I am in love with Sam - that coat, that coloring - he is just too beautiful!

I must have a RED!!!!!


----------



## marjrc (Jan 13, 2007)

Hey Debbie, didn't Kenny take a whole bunch of pictures?? I'd love to see more. PLEASE!!!!! :biggrin1:


----------



## Julie (Feb 8, 2007)

Me too! :bounce::bounce::bounce:


----------



## marjrc (Jan 13, 2007)

Julie said:


> Me too! :bounce::bounce::bounce:


Somehow, I knew I'd find you here, Julie!! :ranger: :wave:


----------



## Lynn (Jan 2, 2007)

thanks for the pictures Marj


----------



## dboudreau (Jan 12, 2007)

Since you asked for it here they are. I can't take the credit or blame for these pictures.

Ricky wasn't too happy with Delilah telling him off. So he hid under a chair.

Marj made us such a great lunch, not much was left.


----------



## dboudreau (Jan 12, 2007)

More....

I think the kids had more fun with the dog toys than the dogs did.

Thanks again Marj. Next time we have to have a longer visit.


----------



## marjrc (Jan 13, 2007)

Oh your kids were having a ball with the dog toys, weren't they? lol Especially Anthony and the giggling carrot! ound:

Love the pics. Thank you Debbie and Kenny! :whoo: I like the pic of the two "Sams".

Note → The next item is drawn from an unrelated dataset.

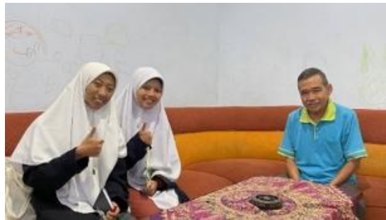
Foto 2 Wawancara dengan warga non-Hindu sekitar Pura Giri Natha Kediri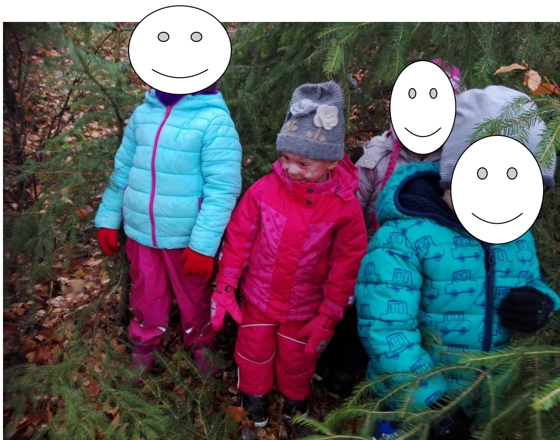
Obr. 2 Hry v lese

We most definitely have to make the next visit longer. I do appreciate that you all stopped here for the time you did, though. I know it meant a longer trip homer. Thanks!

Gosh, how I hate my dining room set!! :frusty: I was going to buy one that I really like two yrs. ago, but had to sacrifice that purchase because I wanted Ricky so badly! At the time, we thought we'd be getting a shelter dog at about $300. Well........ the rest is history, so NO new dining room set just yet!! :suspicious: ound:

Hey Debbie! Your kids and Havs match my decor. They really should have stayed here you know. sigh.........


----------



## Doggie Nut (Oct 20, 2006)

Thanks so much Marj for the update on your visit with Deb & fam! Seeing the pictorial of the day made me envious that I couldn't be there too! Looks like everyone had fun. Samson has always been one of my fave hav's here on the forum (I actually LOVE everyones!!). Wow, Delilah is much lighter since I last saw a pic! And Marj, your guys are adorable and I especially LOVE your darling avatar!! Too cute! I think it is fabulous that friendships have been discovered here and that you took the time to enjoy it!


----------



## marjrc (Jan 13, 2007)

So true, Vicki. It IS great that some of us can get to meet in person and it's as if we'd known each other all along. Debbie and I just continued with our online conversation. lol When I met forum members at the U.S. National, we didn't need to spend an hour introducing ourselves to everyone. We already knew each other! ound: It's very nice.


----------



## LuvCicero (Mar 31, 2008)

Marj, I'm so glad to know you have your priorities in the correct order. After all, has your dining room set ever gave you a lickie -- or made you laugh out loud -- or kept your feet warm??? Nuff said -- except when are you getting your third? :biggrin1:
Pictures of memories...good friends...good times are GREAT -- and a bonus is when they include a Hav!!


----------



## marjrc (Jan 13, 2007)

"Nuff said" is right, Dale! :biggrin1: But a third ??? :suspicious: I only wish! Nah, I think things are really good with two right now. I would love a third, a red or brindle girl, but it may not be the right time for a while yet. Just have to find a way to start kicking my teens out of the house and THEN we can talk! ound:


----------